Opinion polling firm Emnid asked more than 1,000 Germans what they would do if they won a €10 million in a lottery. The results, published in the Handelsblatt newspaper, were admirable – excluding the one percent who admitted that they would leave their partner.

Nearly all of the people (92 percent) asked said that they would share their winnings with their family. A further 41 percent said they would splash out on their friends and nearly 90 percent said they would donate some to charity.

A seemingly philanthropic bunch, 68 percent said they would use the money to free up some time in which they could volunteer.

And while just 15 percent said they would leave their jobs, most admitted they would like the option to work less. Ninety percent said they would like to spend free time on their hobbies and 84 percent said they would invest it in quality family time.

Improving their everyday lives would be the aim for 34 percent of those asked, while 45 percent said they would put it away for old age, in case they needed to pay for care.

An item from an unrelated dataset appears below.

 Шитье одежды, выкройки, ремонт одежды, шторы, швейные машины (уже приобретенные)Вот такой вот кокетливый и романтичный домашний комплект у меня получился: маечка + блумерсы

Over 30 percent said they would buy a new house, and 46 percent would use at least part of the imagined €10 million to go on a trip around the world.

The more industrious 17 percent of those questioned said they would embark on a business venture.

But when asked whether they thought a big win would make them happy, the answers varied between age groups. Overall, 62 percent said happiness did not come from wealth. This figure was highest in the 40 – 49 age group.

“Research shows that general happiness is not influenced when someone inherits a large amount of money or wins the lottery,” explained Dr Johannes Ullrich, psychologist at the Goethe University in Frankfurt.

People were often thrilled when they found out, but this happiness tended to subside after about a month, he added.

Just 11 percent said they would tell their colleagues and 32 percent their friends. Most (92 percent) would tell their families.

Regarding a big win, “not wanting to tell friends is less to do with the fear they might want a bit of it, but more that they might change what they think of you,” said Ullrich. Generally people have friends similar to them and a lottery win could change the balance, he added.